Goal of the exercise —
Apart from any images, the entries are to be output exactly.

[Opening Material to process section]

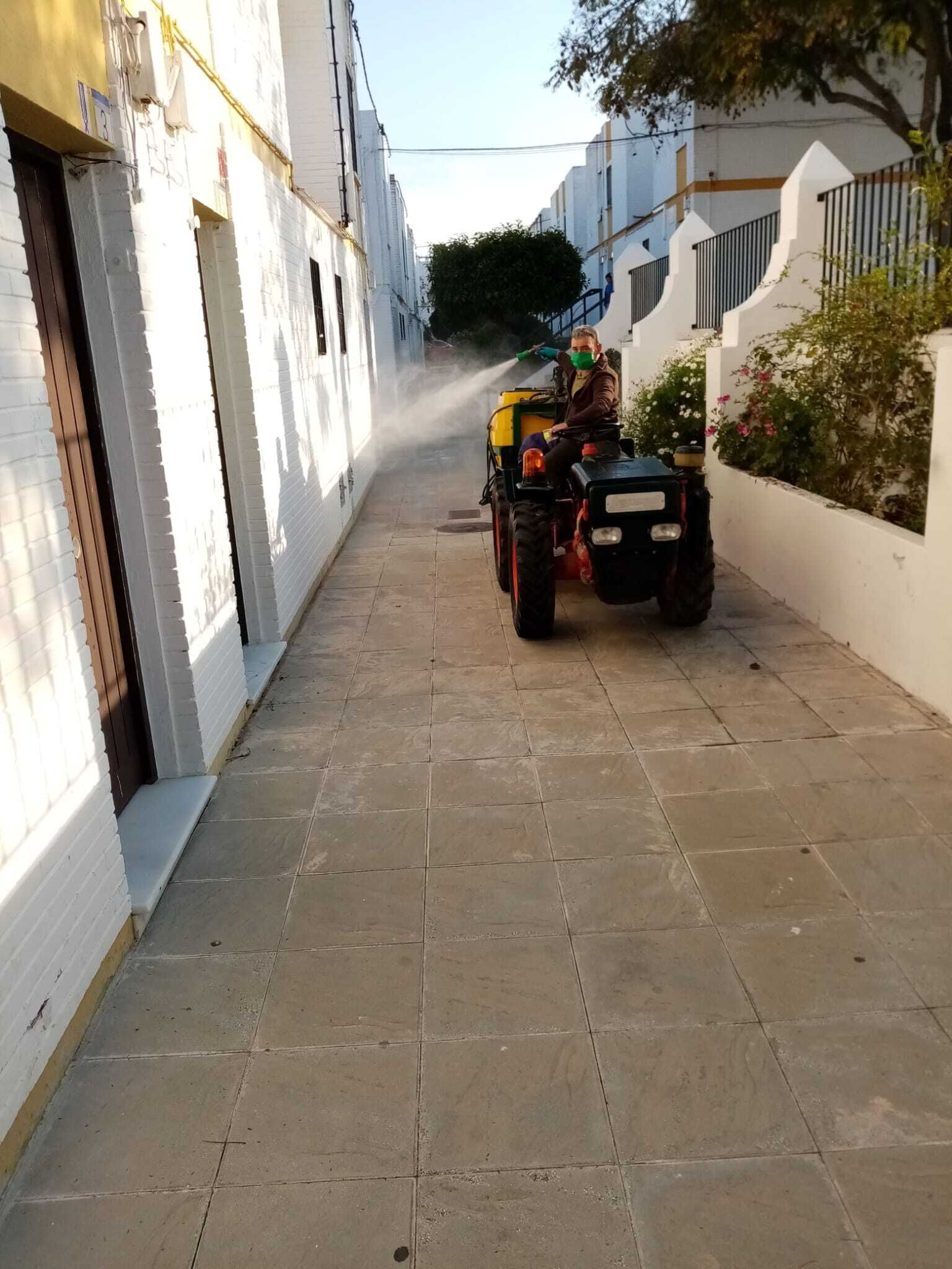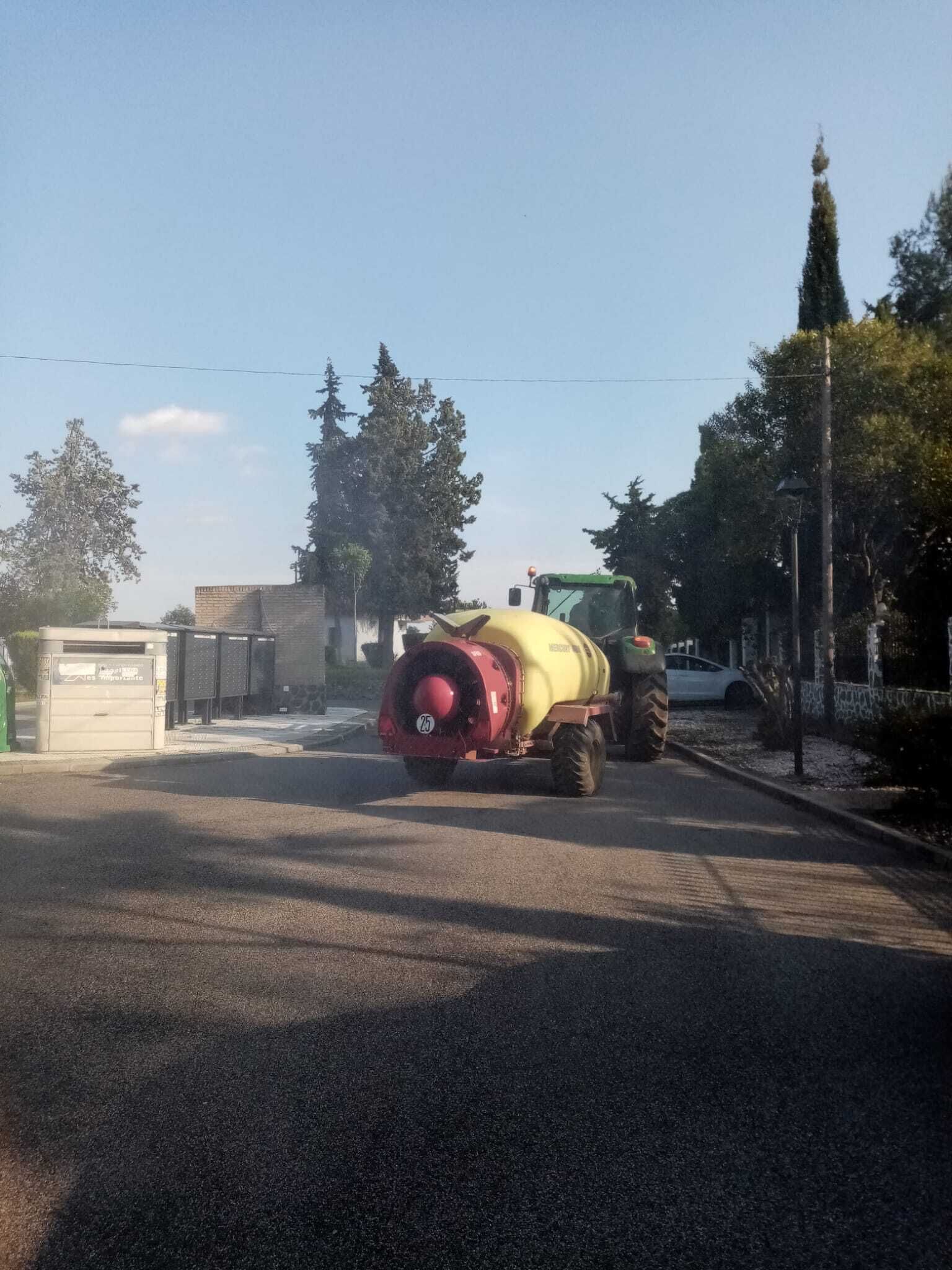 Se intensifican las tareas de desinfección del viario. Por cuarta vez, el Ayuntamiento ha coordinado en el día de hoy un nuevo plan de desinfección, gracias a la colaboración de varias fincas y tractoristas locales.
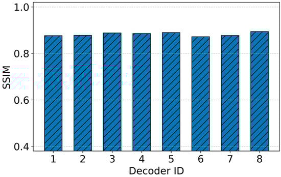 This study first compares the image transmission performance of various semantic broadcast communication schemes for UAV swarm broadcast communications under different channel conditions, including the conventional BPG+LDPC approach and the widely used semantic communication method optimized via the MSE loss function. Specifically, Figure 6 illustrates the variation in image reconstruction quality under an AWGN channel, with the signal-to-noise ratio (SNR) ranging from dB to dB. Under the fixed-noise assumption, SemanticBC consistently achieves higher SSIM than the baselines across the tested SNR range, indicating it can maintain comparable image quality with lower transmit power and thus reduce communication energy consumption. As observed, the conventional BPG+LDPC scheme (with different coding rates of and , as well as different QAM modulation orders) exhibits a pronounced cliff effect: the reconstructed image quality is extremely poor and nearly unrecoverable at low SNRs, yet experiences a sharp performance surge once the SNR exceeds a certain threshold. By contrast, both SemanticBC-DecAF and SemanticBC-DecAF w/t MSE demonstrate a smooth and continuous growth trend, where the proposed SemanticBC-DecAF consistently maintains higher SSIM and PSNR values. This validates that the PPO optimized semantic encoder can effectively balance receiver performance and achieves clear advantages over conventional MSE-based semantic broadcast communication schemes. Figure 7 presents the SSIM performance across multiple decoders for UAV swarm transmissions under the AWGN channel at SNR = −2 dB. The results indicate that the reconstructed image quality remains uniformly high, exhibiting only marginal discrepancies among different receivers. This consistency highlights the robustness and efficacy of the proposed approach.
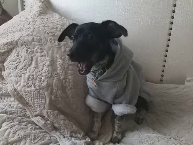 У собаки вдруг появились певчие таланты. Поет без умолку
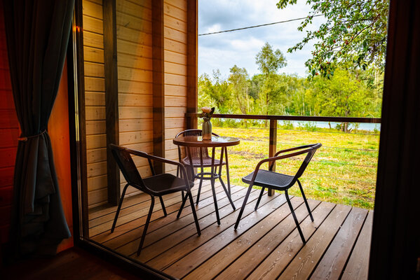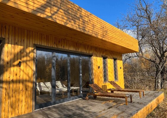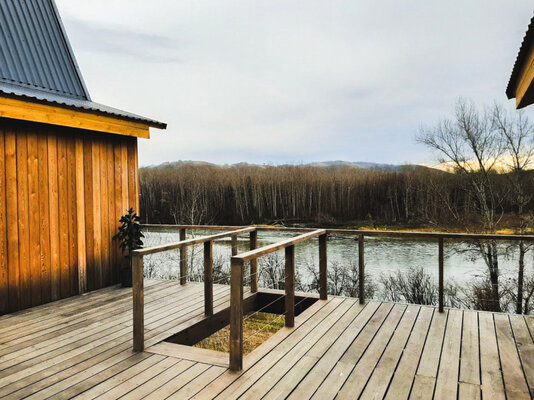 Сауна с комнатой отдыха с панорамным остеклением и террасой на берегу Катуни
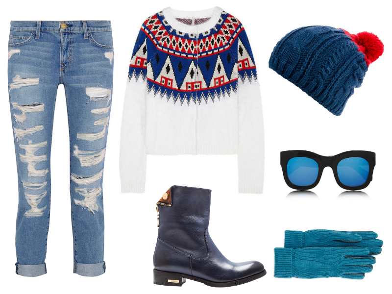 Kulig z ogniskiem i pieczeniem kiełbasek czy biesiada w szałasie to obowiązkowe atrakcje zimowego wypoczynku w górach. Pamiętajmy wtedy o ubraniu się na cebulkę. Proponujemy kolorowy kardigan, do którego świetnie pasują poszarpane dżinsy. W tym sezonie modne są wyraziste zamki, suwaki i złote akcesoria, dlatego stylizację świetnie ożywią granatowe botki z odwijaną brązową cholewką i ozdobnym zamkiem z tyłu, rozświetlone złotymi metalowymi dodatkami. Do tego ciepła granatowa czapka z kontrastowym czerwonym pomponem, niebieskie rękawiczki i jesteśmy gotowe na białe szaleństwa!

[Closing Material to process section]

Output —
 Se intensifican las tareas de desinfección del viario. Por cuarta vez, el Ayuntamiento ha coordinado en el día de hoy un nuevo plan de desinfección, gracias a la colaboración de varias fincas y tractoristas locales.
 This study first compares the image transmission performance of various semantic broadcast communication schemes for UAV swarm broadcast communications under different channel conditions, including the conventional BPG+LDPC approach and the widely used semantic communication method optimized via the MSE loss function. Specifically, Figure 6 illustrates the variation in image reconstruction quality under an AWGN channel, with the signal-to-noise ratio (SNR) ranging from dB to dB. Under the fixed-noise assumption, SemanticBC consistently achieves higher SSIM than the baselines across the tested SNR range, indicating it can maintain comparable image quality with lower transmit power and thus reduce communication energy consumption. As observed, the conventional BPG+LDPC scheme (with different coding rates of and , as well as different QAM modulation orders) exhibits a pronounced cliff effect: the reconstructed image quality is extremely poor and nearly unrecoverable at low SNRs, yet experiences a sharp performance surge once the SNR exceeds a certain threshold. By contrast, both SemanticBC-DecAF and SemanticBC-DecAF w/t MSE demonstrate a smooth and continuous growth trend, where the proposed SemanticBC-DecAF consistently maintains higher SSIM and PSNR values. This validates that the PPO optimized semantic encoder can effectively balance receiver performance and achieves clear advantages over conventional MSE-based semantic broadcast communication schemes. Figure 7 presents the SSIM performance across multiple decoders for UAV swarm transmissions under the AWGN channel at SNR = −2 dB. The results indicate that the reconstructed image quality remains uniformly high, exhibiting only marginal discrepancies among different receivers. This consistency highlights the robustness and efficacy of the proposed approach.
 У собаки вдруг появились певчие таланты. Поет без умолку
 Сауна с комнатой отдыха с панорамным остеклением и террасой на берегу Катуни
 Kulig z ogniskiem i pieczeniem kiełbasek czy biesiada w szałasie to obowiązkowe atrakcje zimowego wypoczynku w górach. Pamiętajmy wtedy o ubraniu się na cebulkę. Proponujemy kolorowy kardigan, do którego świetnie pasują poszarpane dżinsy. W tym sezonie modne są wyraziste zamki, suwaki i złote akcesoria, dlatego stylizację świetnie ożywią granatowe botki z odwijaną brązową cholewką i ozdobnym zamkiem z tyłu, rozświetlone złotymi metalowymi dodatkami. Do tego ciepła granatowa czapka z kontrastowym czerwonym pomponem, niebieskie rękawiczki i jesteśmy gotowe na białe szaleństwa!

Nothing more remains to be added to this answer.